It is inspiring to look back to 1909 when Howard Hughes Sr. and Walter Sharp introduced the roller-cone bit. The invention was the foundation for the discovery of vast amounts of oil in medium- and hard-rock formations, oil that many drillers suspected was there but was nearly impossible to reach with the bits of that day.

The roller-cone bit changed the industry, but we may forget why its immediate predecessor, the fish-tail bit, was such a burden on drillers as they strived to probe deeper targets. Often 24 hours would not go by without a twist-off occurring, and rig hands were constantly changing bits and “fishing” parts out of the hole. For drilling anything other than loose formations near the surface, it had proved impractical.

In a century’s time, the industry has made tremendous progress. But the limitations of physics continue to challenge the dynamic performance of the bit and bottomhole assembly (BHA) in the demanding downhole environments of today’s wells.

Tools come equipped with features such as torque reducers, depth-of-cut controls, and more flexible assemblies, to mention a few. The inherent problem of controlling the reactive torque between the bit and formation, while achieving optimal performance to reduce the number of drilling days, has remained a challenge.

The introduction of the hybrid drill bit in 2011, which combined roller cones and fixed cutters, was a catalyst to revisit these basic principles and better understand the benefits and efficacy of smooth drilling. The bit excelled in controlling torque fluctuations and exceeded the durability of fixed-cutter bits and the penetration rates of roller-cone bits.

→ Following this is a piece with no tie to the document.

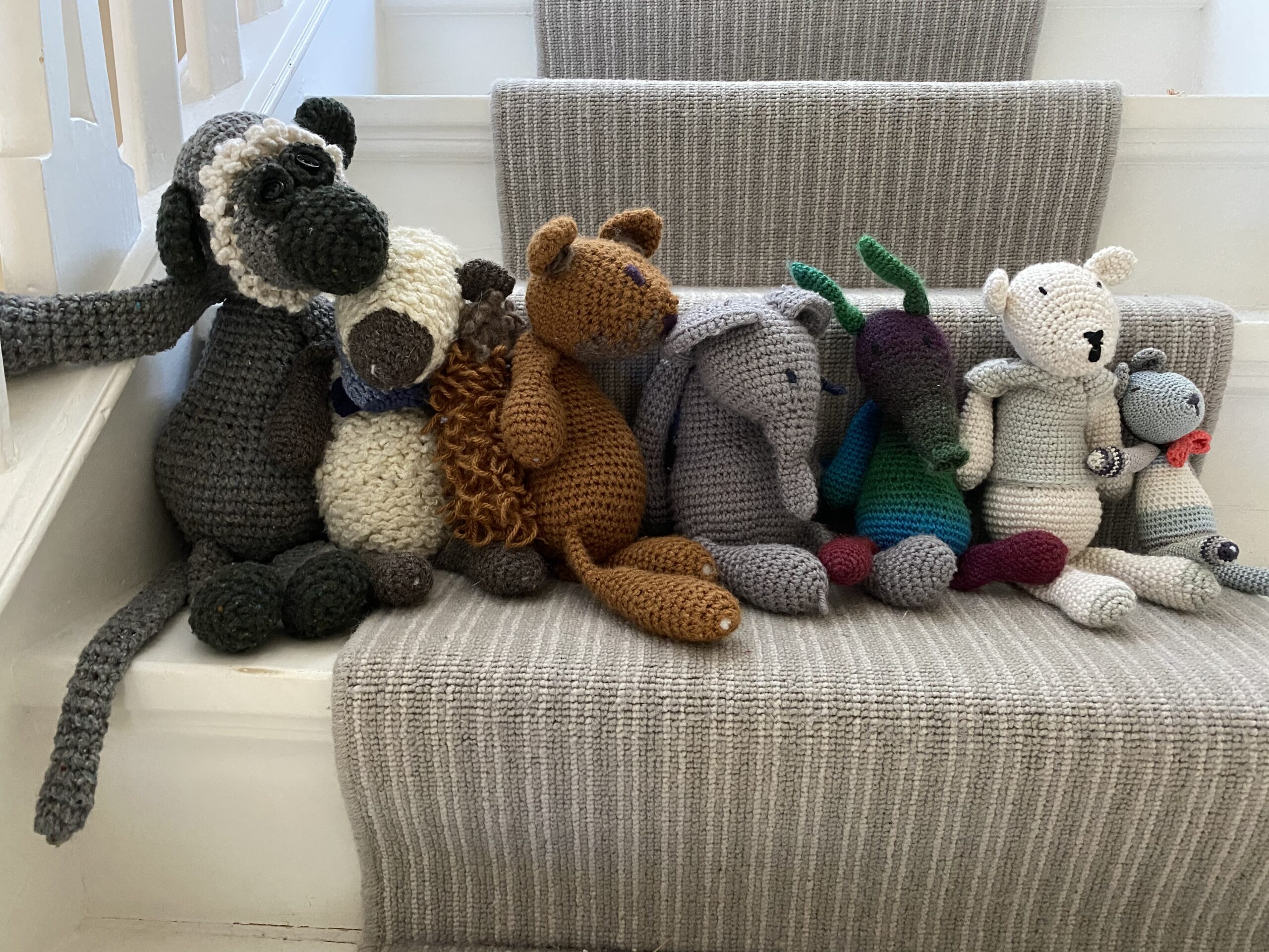 These are animals that I have made for my three children. You can see how the sizes vary depending on the wool or thread I use and the hook size.
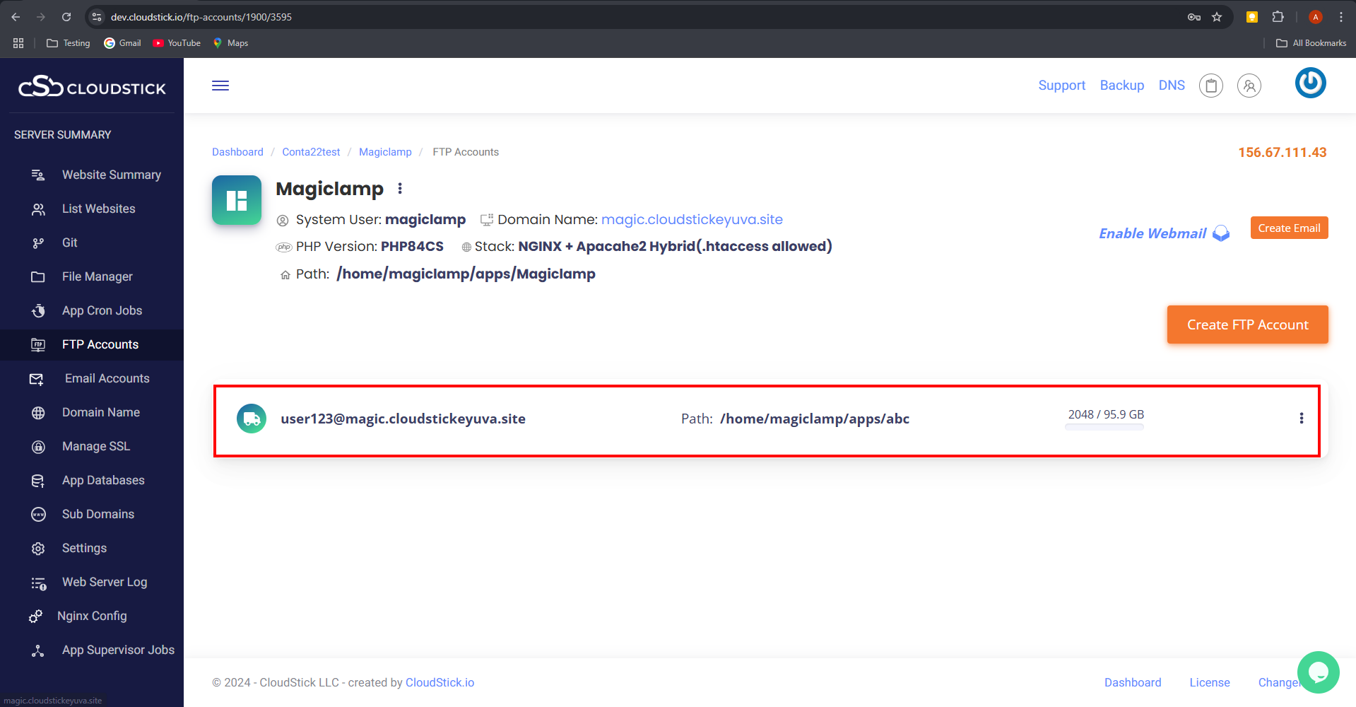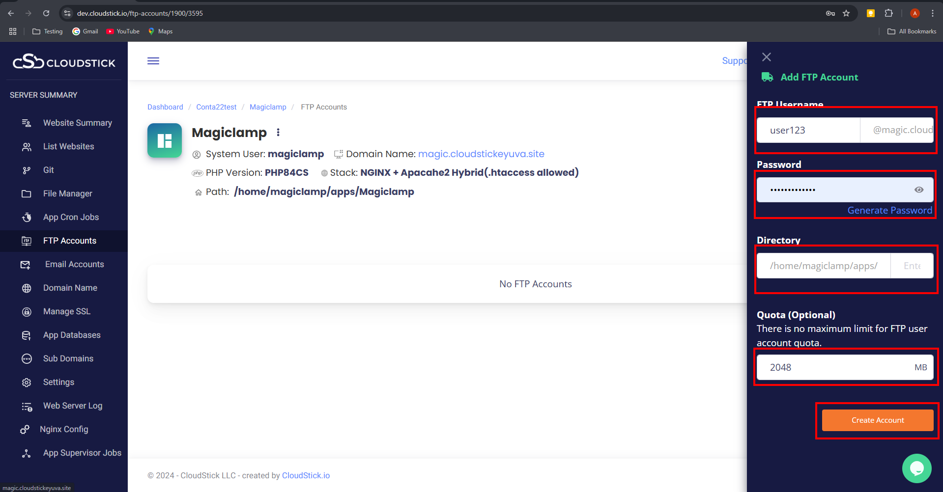 • Click Create FTP Account. The new account will appear in the FTP Accounts table.

The hybrid bit soon became the standard bit for drilling in hard and interbedded formations, such as those in certain Oklahoma and Canadian plays, because it enabled drillers to reduce the number of curve runs needed. The use of the bit expanded globally, helping to improve drilling results in interbedded applications that historically have met with mixed success when medium-set roller cone or fixed-cutter bits have been used. As results continued to improve, interest in stretching the capability of the technology increased.

New Bit Design

Limitations were experienced in these first-generation hybrids when drilling carbonate, anhydrite, and salt formations. Although dynamics were excellent compared with conventional polycrystalline diamond compact (PDC) bits, high weight requirements limited the ultimate performance of the drilling system.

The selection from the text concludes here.